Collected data
════
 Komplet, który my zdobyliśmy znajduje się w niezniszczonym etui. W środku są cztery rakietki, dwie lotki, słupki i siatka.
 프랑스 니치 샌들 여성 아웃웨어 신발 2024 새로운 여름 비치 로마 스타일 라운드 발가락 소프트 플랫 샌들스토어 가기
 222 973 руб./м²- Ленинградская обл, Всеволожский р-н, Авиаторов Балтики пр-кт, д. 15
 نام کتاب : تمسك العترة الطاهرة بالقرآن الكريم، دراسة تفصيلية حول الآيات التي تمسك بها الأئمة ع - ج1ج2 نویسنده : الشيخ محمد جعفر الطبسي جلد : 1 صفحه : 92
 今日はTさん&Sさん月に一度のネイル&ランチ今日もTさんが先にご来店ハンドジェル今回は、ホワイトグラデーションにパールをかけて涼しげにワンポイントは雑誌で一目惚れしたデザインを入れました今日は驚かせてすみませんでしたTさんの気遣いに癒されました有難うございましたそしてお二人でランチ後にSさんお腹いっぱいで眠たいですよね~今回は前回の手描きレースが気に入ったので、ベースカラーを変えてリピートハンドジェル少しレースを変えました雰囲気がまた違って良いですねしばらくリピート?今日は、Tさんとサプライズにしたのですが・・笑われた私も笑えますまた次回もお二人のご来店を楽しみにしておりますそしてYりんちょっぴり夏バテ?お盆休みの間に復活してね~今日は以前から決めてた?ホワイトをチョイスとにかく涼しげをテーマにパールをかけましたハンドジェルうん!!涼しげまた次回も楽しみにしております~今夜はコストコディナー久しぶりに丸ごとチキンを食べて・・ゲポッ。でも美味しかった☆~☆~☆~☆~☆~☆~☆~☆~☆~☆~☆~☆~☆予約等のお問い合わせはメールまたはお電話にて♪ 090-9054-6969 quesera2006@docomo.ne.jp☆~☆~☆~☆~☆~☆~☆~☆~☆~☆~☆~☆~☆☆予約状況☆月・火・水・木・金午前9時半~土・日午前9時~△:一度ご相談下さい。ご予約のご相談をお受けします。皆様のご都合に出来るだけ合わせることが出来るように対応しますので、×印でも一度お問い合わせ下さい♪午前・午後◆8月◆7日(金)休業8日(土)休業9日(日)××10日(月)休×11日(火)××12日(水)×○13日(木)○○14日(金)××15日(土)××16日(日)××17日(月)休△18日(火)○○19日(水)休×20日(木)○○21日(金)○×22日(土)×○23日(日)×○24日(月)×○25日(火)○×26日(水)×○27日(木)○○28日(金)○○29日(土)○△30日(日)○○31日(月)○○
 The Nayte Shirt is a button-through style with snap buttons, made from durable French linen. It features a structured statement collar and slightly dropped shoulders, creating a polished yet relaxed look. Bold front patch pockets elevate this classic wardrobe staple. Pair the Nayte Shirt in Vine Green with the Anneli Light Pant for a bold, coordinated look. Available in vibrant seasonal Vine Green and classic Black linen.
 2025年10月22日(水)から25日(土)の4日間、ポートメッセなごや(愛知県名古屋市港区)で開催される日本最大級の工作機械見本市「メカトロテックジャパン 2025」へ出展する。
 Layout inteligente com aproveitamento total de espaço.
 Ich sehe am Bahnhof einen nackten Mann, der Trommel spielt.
════
Above are the records; retype every one exactly.

* **Response area**:
 Komplet, który my zdobyliśmy znajduje się w niezniszczonym etui. W środku są cztery rakietki, dwie lotki, słupki i siatka.
 프랑스 니치 샌들 여성 아웃웨어 신발 2024 새로운 여름 비치 로마 스타일 라운드 발가락 소프트 플랫 샌들스토어 가기
 222 973 руб./м²- Ленинградская обл, Всеволожский р-н, Авиаторов Балтики пр-кт, д. 15
 نام کتاب : تمسك العترة الطاهرة بالقرآن الكريم، دراسة تفصيلية حول الآيات التي تمسك بها الأئمة ع - ج1ج2 نویسنده : الشيخ محمد جعفر الطبسي جلد : 1 صفحه : 92
 今日はTさん&Sさん月に一度のネイル&ランチ今日もTさんが先にご来店ハンドジェル今回は、ホワイトグラデーションにパールをかけて涼しげにワンポイントは雑誌で一目惚れしたデザインを入れました今日は驚かせてすみませんでしたTさんの気遣いに癒されました有難うございましたそしてお二人でランチ後にSさんお腹いっぱいで眠たいですよね~今回は前回の手描きレースが気に入ったので、ベースカラーを変えてリピートハンドジェル少しレースを変えました雰囲気がまた違って良いですねしばらくリピート?今日は、Tさんとサプライズにしたのですが・・笑われた私も笑えますまた次回もお二人のご来店を楽しみにしておりますそしてYりんちょっぴり夏バテ?お盆休みの間に復活してね~今日は以前から決めてた?ホワイトをチョイスとにかく涼しげをテーマにパールをかけましたハンドジェルうん!!涼しげまた次回も楽しみにしております~今夜はコストコディナー久しぶりに丸ごとチキンを食べて・・ゲポッ。でも美味しかった☆~☆~☆~☆~☆~☆~☆~☆~☆~☆~☆~☆~☆予約等のお問い合わせはメールまたはお電話にて♪ 090-9054-6969 quesera2006@docomo.ne.jp☆~☆~☆~☆~☆~☆~☆~☆~☆~☆~☆~☆~☆☆予約状況☆月・火・水・木・金午前9時半~土・日午前9時~△:一度ご相談下さい。ご予約のご相談をお受けします。皆様のご都合に出来るだけ合わせることが出来るように対応しますので、×印でも一度お問い合わせ下さい♪午前・午後◆8月◆7日(金)休業8日(土)休業9日(日)××10日(月)休×11日(火)××12日(水)×○13日(木)○○14日(金)××15日(土)××16日(日)××17日(月)休△18日(火)○○19日(水)休×20日(木)○○21日(金)○×22日(土)×○23日(日)×○24日(月)×○25日(火)○×26日(水)×○27日(木)○○28日(金)○○29日(土)○△30日(日)○○31日(月)○○
 The Nayte Shirt is a button-through style with snap buttons, made from durable French linen. It features a structured statement collar and slightly dropped shoulders, creating a polished yet relaxed look. Bold front patch pockets elevate this classic wardrobe staple. Pair the Nayte Shirt in Vine Green with the Anneli Light Pant for a bold, coordinated look. Available in vibrant seasonal Vine Green and classic Black linen.
 2025年10月22日(水)から25日(土)の4日間、ポートメッセなごや(愛知県名古屋市港区)で開催される日本最大級の工作機械見本市「メカトロテックジャパン 2025」へ出展する。
 Layout inteligente com aproveitamento total de espaço.
 Ich sehe am Bahnhof einen nackten Mann, der Trommel spielt.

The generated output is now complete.